**What the task asks:** Would you output the following records verbatim and skip the images in them?

**Given information:**
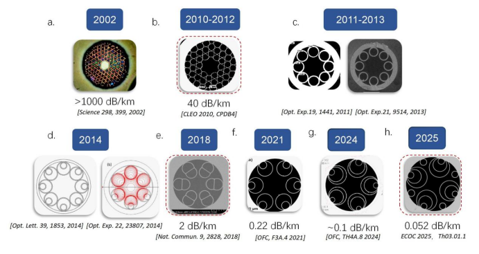 从2019年到2023年,反谐振空芯光纤的舞台属于南安普顿大学。他们获得数亿英镑的资助,大力发展空芯光纤及通信应用,几乎每年都在OFC或ECOC以PDP形式刷新损耗纪录(图1f),并在2024年将损耗降低到了0.1 db/km(图1g),打破了传统石英光纤的损耗记录。而那几年,我们团队因为工作调动和有限的经费,更多是作为一个跟随者。
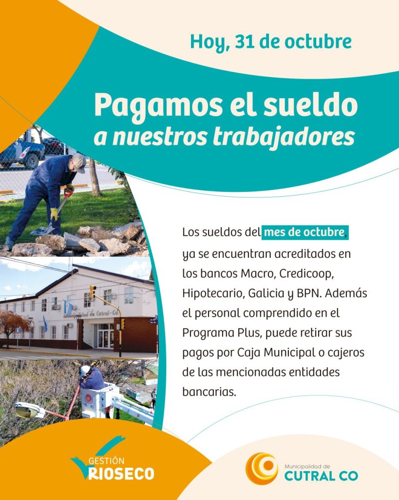 Las y los agentes municipales de Cutral Co percibirán este viernes 31 de octubre sus sueldos correspondientes a este mes. Así lo informó el municipio.
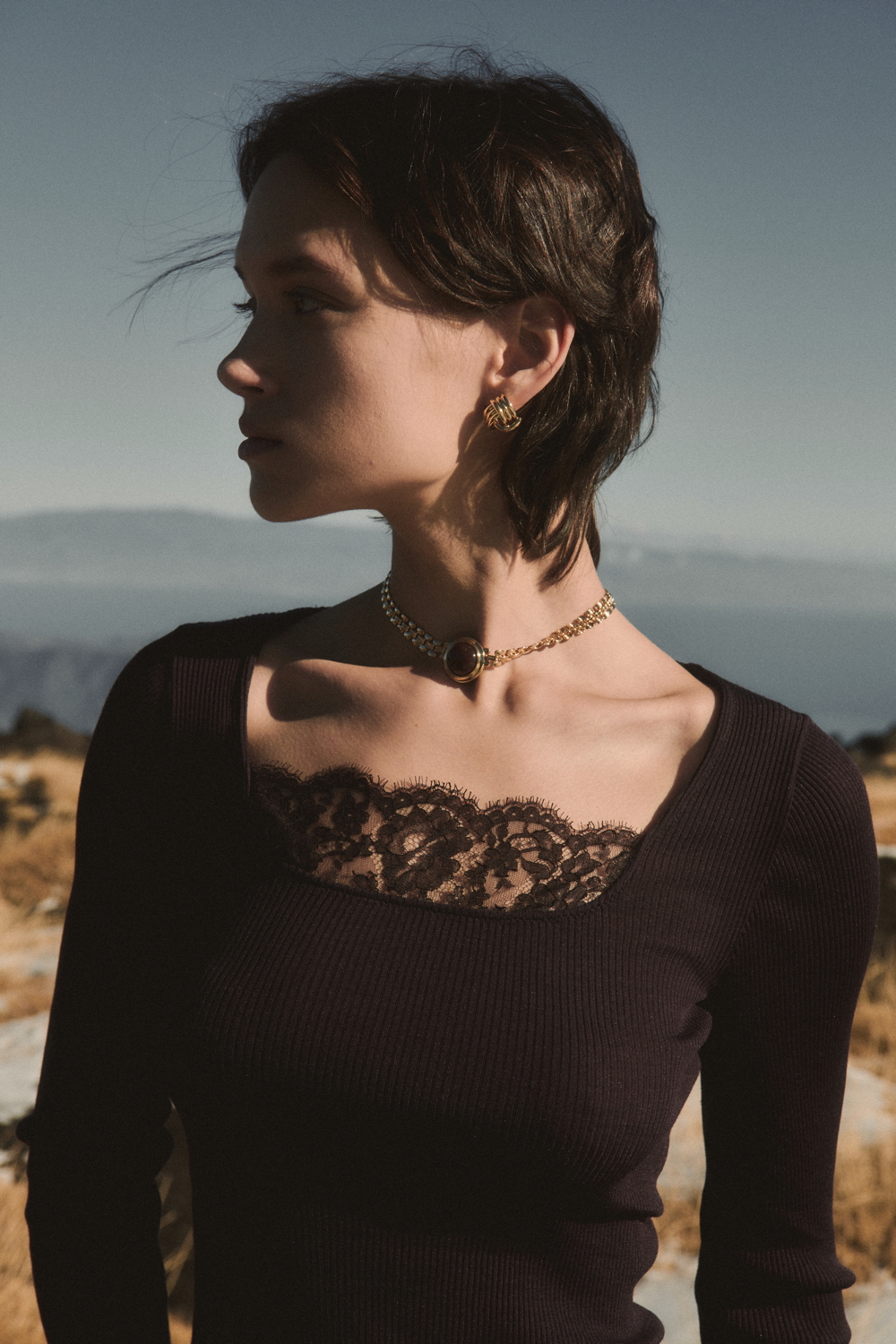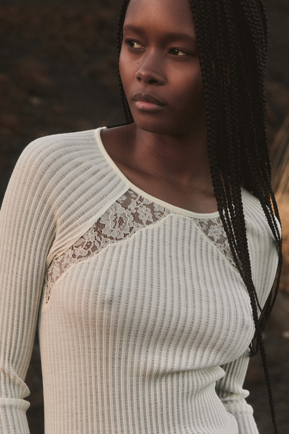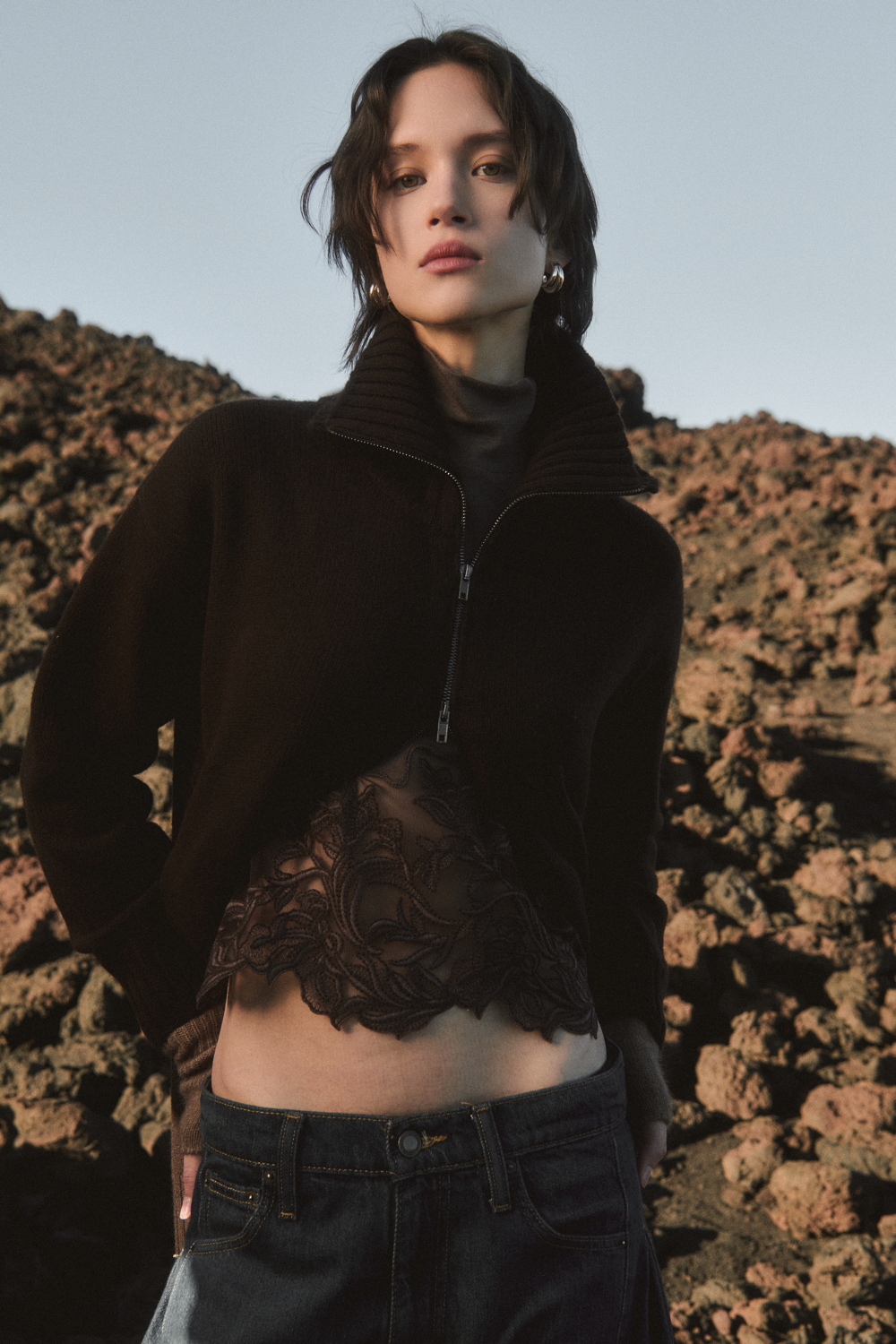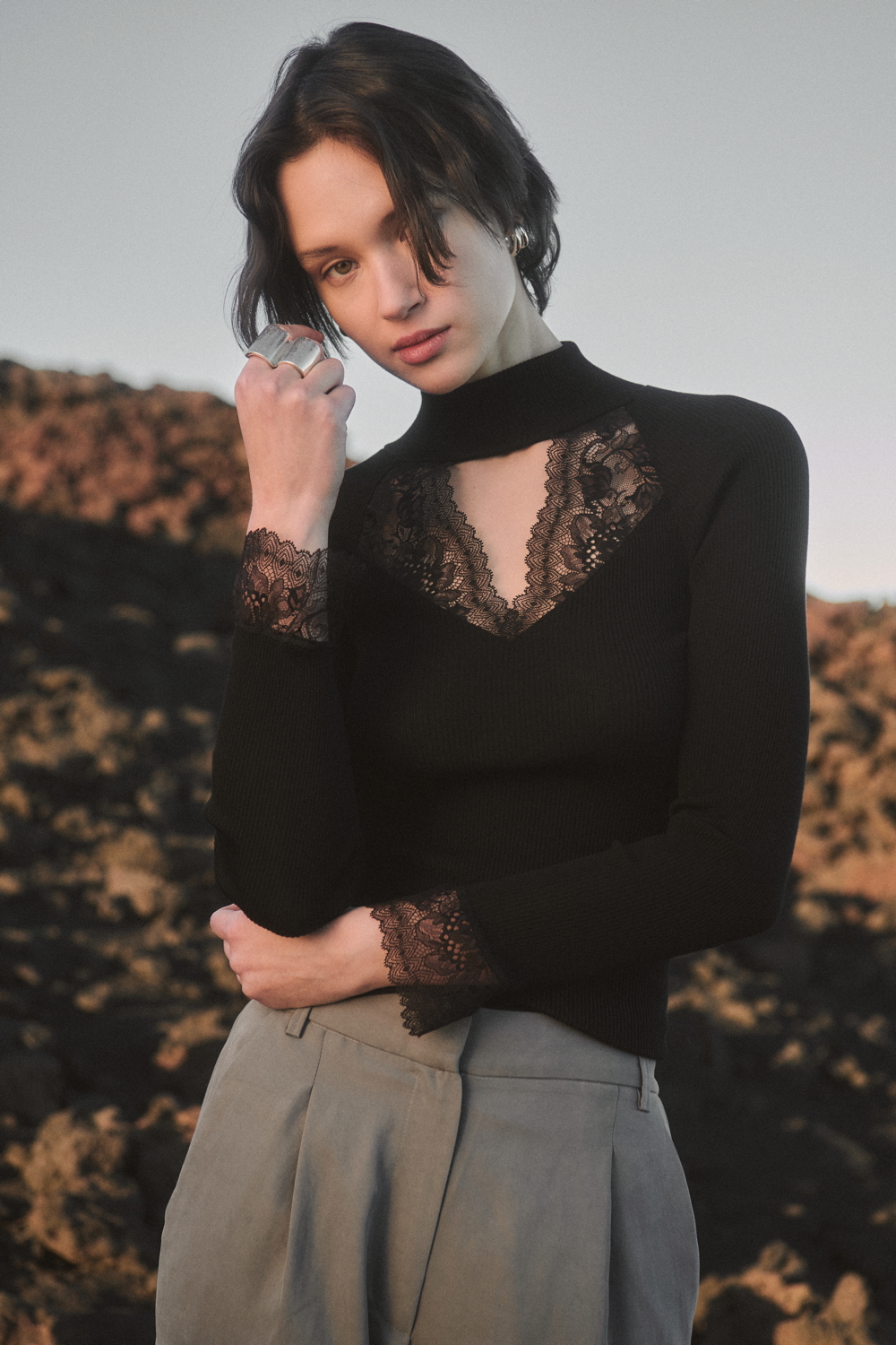 A true expression of the brand’s historical DNA, the ICONIC line continues to celebrate refined femininity through the excellence of lace and precious craftsmanship, reinterpreted with a contemporary eye. At its heart lies Leavers lace with a floral motif, used for both elegant under- jackets and sensual lingerie sets, crafted reproducing iconic styles drawn from Oscalito’s vintage archive, reaffirming the value of memory as a source of creative inspiration. Alongside Leavers lace, Chantilly lace stands out with a new pattern of sinuous, concentric lines inspired by natural textures. In its more traditional interpretation, it is also presented as a refined lace trim, enhancing under-jackets and lingerie sets, as well as in a floral lace laize that gives shape to dresses and knitwear with a more contemporary, casual design. Sophisticated details such as the geometric macramé insert, creating an elegant collar-like effect on knitwear, and the cutwork flounce with ramage embroidery on tulle, further enrich the collection.
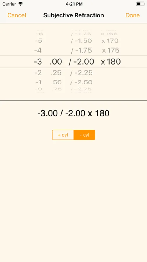 Features freeform script entry. For example, entering "50" will automatically convert to "+0.50", entering -650 will automatically convert to "-6.50". Cyl powers are assumed to be minus, for example, entering "75" into a cyl power will be converted to "-0.75".
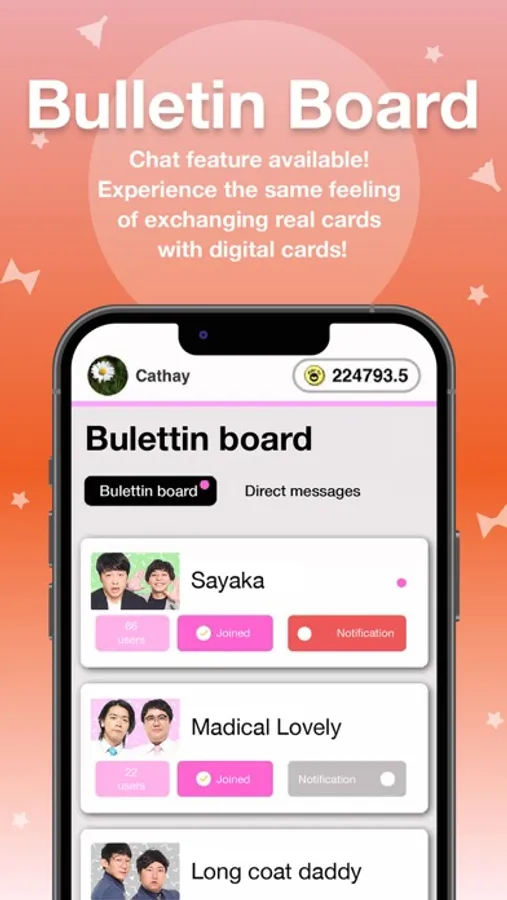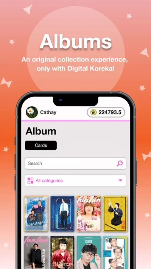 The in-app Bulletin Board allows users to communicate with other users, share digital Koreka on SNS, interact with other fans, exchange via DM and negotiate directly with each other. You can also browse albums among friends.
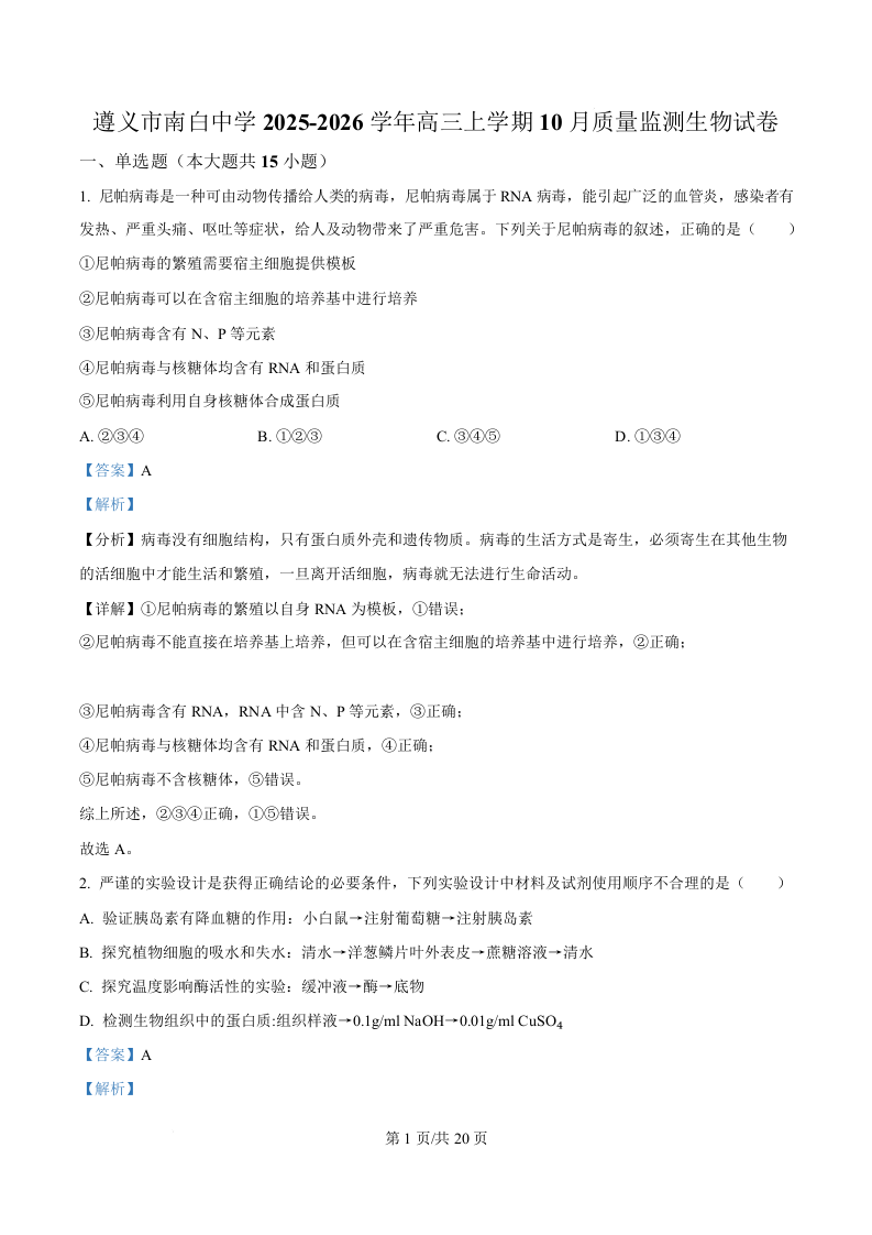 贵州省遵义市南白中学2026届高三上学期10月月考 生物答案.docx
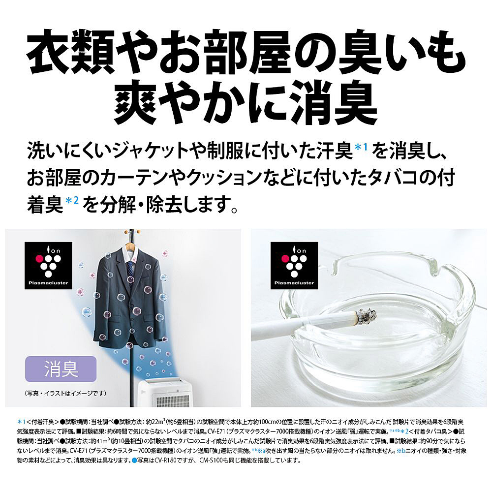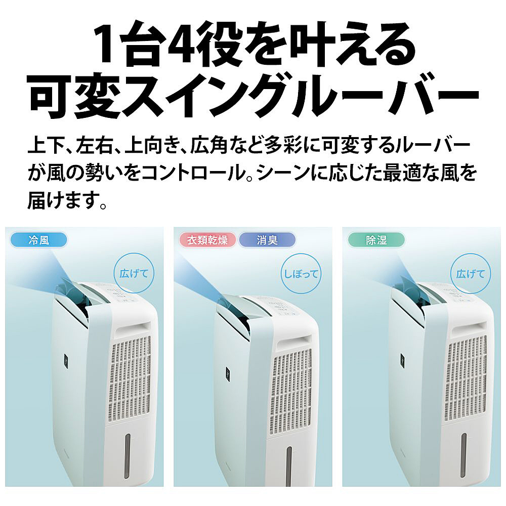 「冷風」「衣類乾燥」「除湿」「消臭」の、1台4役。「コンパクトクール」で、パーソナルスペースを涼しく快適に。

**Solution for this task:**
 从2019年到2023年,反谐振空芯光纤的舞台属于南安普顿大学。他们获得数亿英镑的资助,大力发展空芯光纤及通信应用,几乎每年都在OFC或ECOC以PDP形式刷新损耗纪录(图1f),并在2024年将损耗降低到了0.1 db/km(图1g),打破了传统石英光纤的损耗记录。而那几年,我们团队因为工作调动和有限的经费,更多是作为一个跟随者。
 Las y los agentes municipales de Cutral Co percibirán este viernes 31 de octubre sus sueldos correspondientes a este mes. Así lo informó el municipio.
 A true expression of the brand’s historical DNA, the ICONIC line continues to celebrate refined femininity through the excellence of lace and precious craftsmanship, reinterpreted with a contemporary eye. At its heart lies Leavers lace with a floral motif, used for both elegant under- jackets and sensual lingerie sets, crafted reproducing iconic styles drawn from Oscalito’s vintage archive, reaffirming the value of memory as a source of creative inspiration. Alongside Leavers lace, Chantilly lace stands out with a new pattern of sinuous, concentric lines inspired by natural textures. In its more traditional interpretation, it is also presented as a refined lace trim, enhancing under-jackets and lingerie sets, as well as in a floral lace laize that gives shape to dresses and knitwear with a more contemporary, casual design. Sophisticated details such as the geometric macramé insert, creating an elegant collar-like effect on knitwear, and the cutwork flounce with ramage embroidery on tulle, further enrich the collection.
 Features freeform script entry. For example, entering "50" will automatically convert to "+0.50", entering -650 will automatically convert to "-6.50". Cyl powers are assumed to be minus, for example, entering "75" into a cyl power will be converted to "-0.75".
 The in-app Bulletin Board allows users to communicate with other users, share digital Koreka on SNS, interact with other fans, exchange via DM and negotiate directly with each other. You can also browse albums among friends.
 贵州省遵义市南白中学2026届高三上学期10月月考 生物答案.docx
 「冷風」「衣類乾燥」「除湿」「消臭」の、1台4役。「コンパクトクール」で、パーソナルスペースを涼しく快適に。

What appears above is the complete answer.